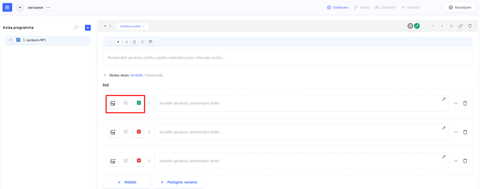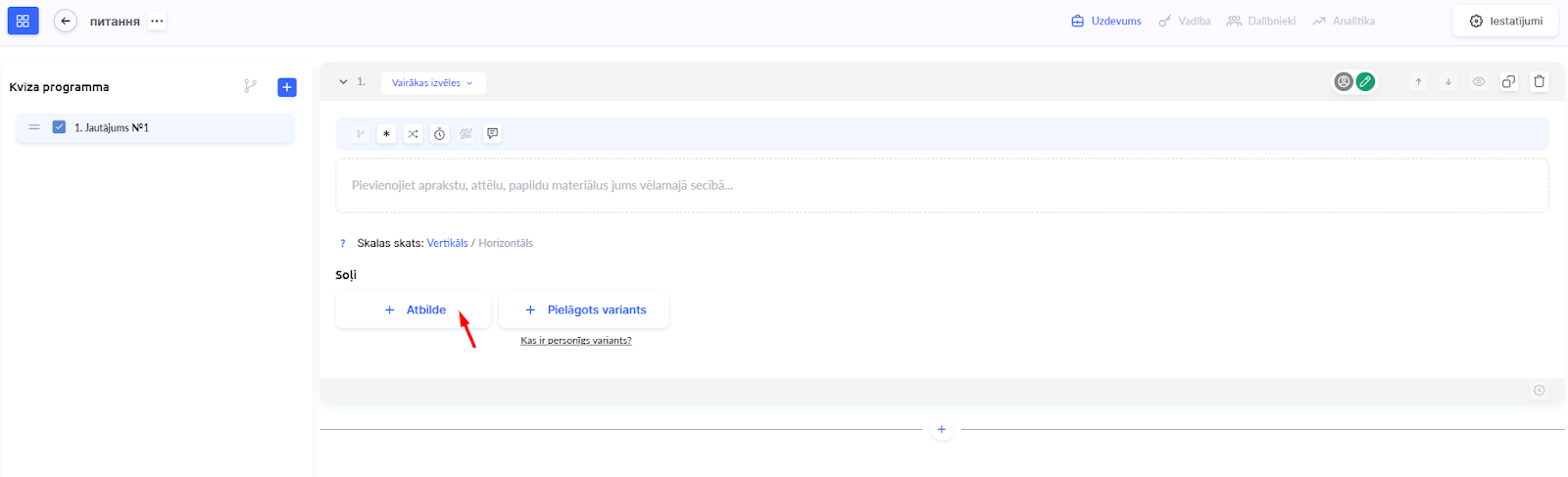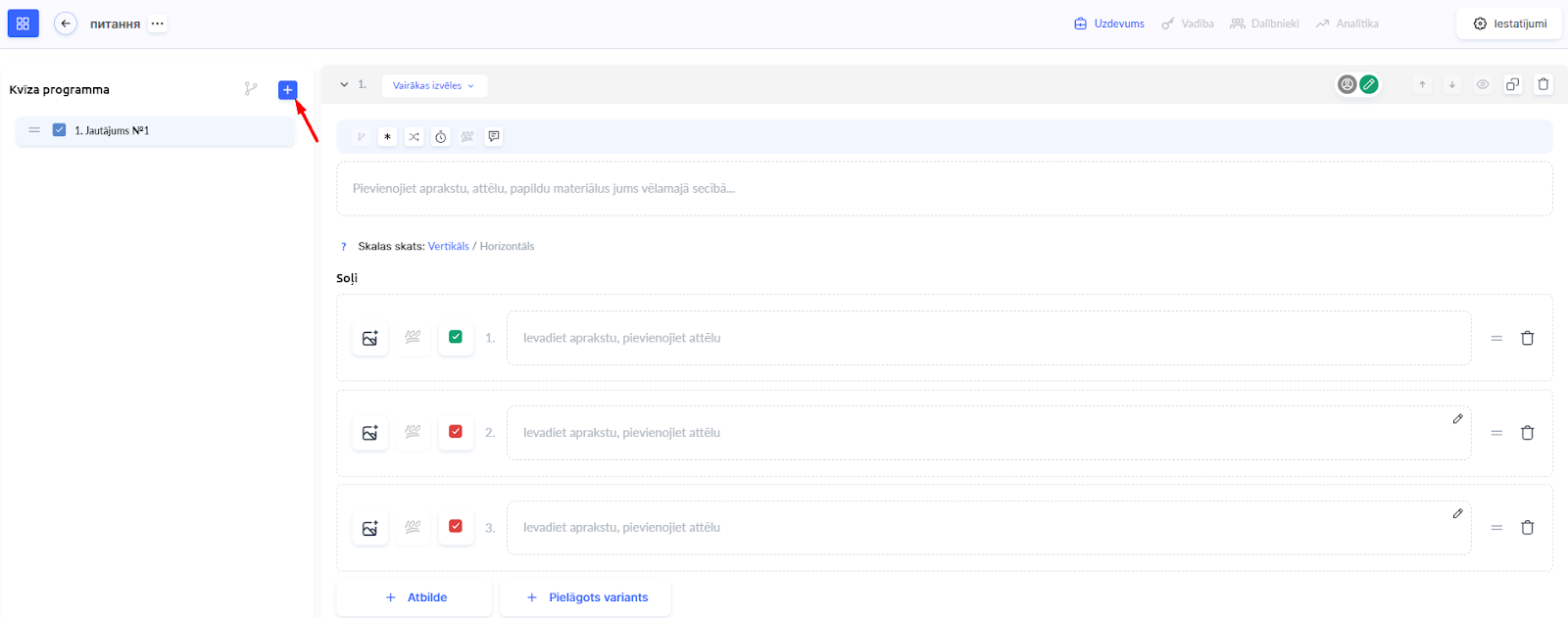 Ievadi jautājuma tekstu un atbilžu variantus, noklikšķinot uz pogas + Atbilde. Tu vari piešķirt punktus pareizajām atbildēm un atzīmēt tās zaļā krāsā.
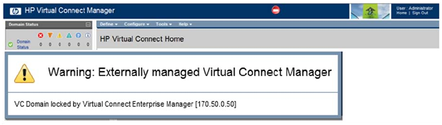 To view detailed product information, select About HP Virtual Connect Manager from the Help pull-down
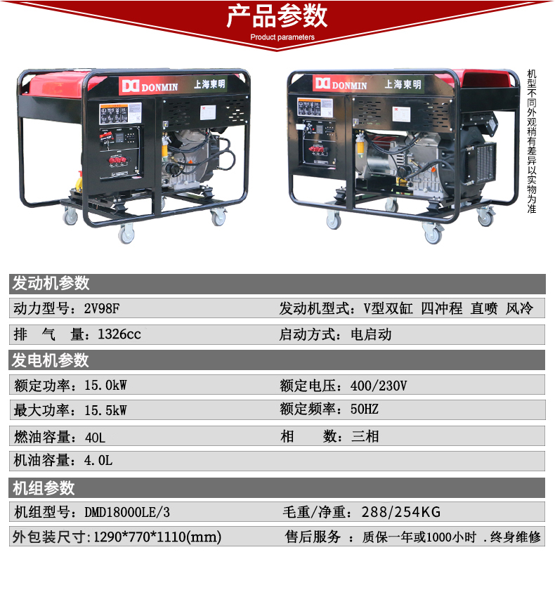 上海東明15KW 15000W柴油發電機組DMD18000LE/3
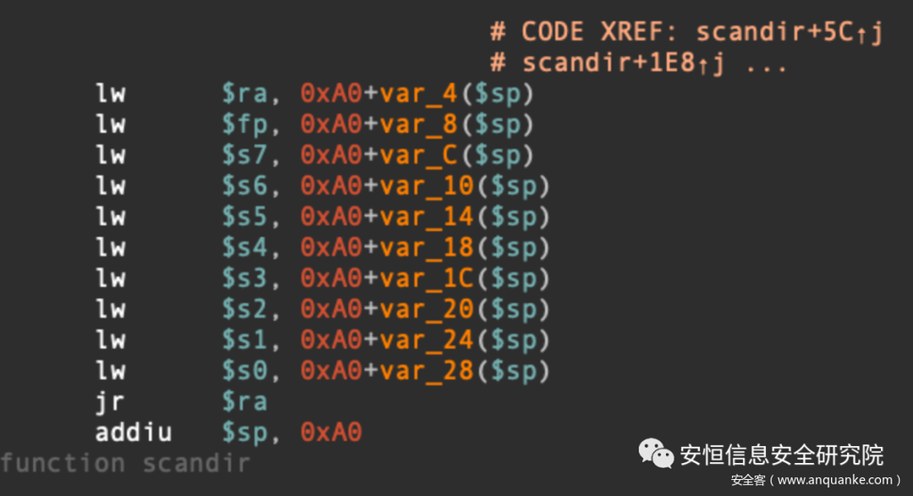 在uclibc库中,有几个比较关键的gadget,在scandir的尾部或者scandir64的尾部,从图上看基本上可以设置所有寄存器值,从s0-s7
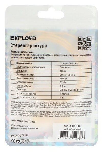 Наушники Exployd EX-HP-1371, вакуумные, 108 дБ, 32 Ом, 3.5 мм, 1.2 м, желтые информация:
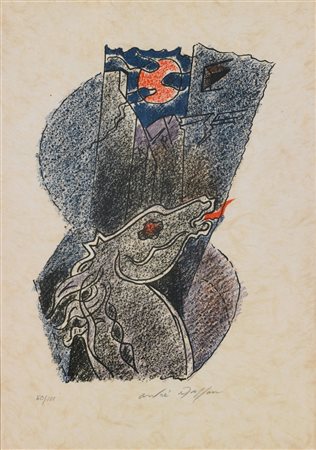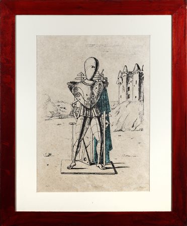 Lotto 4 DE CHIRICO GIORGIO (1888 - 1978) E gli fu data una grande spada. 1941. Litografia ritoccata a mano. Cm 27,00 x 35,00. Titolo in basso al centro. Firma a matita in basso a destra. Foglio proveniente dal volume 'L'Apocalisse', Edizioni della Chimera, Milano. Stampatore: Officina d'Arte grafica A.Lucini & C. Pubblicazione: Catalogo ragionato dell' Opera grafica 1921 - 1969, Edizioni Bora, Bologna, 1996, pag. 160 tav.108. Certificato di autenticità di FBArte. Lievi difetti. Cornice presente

#####

Aim of the task:
Begin at the first line of the data above and repeat each line exactly, stopping after the line containing "Наушники Exployd EX-HP-1371, вакуумные, 108". Omit the pictures.

Exercise solution:
 Ievadi jautājuma tekstu un atbilžu variantus, noklikšķinot uz pogas + Atbilde. Tu vari piešķirt punktus pareizajām atbildēm un atzīmēt tās zaļā krāsā.
 To view detailed product information, select About HP Virtual Connect Manager from the Help pull-down
 上海東明15KW 15000W柴油發電機組DMD18000LE/3
 在uclibc库中,有几个比较关键的gadget,在scandir的尾部或者scandir64的尾部,从图上看基本上可以设置所有寄存器值,从s0-s7
 Наушники Exployd EX-HP-1371, вакуумные, 108 дБ, 32 Ом, 3.5 мм, 1.2 м, желтые информация:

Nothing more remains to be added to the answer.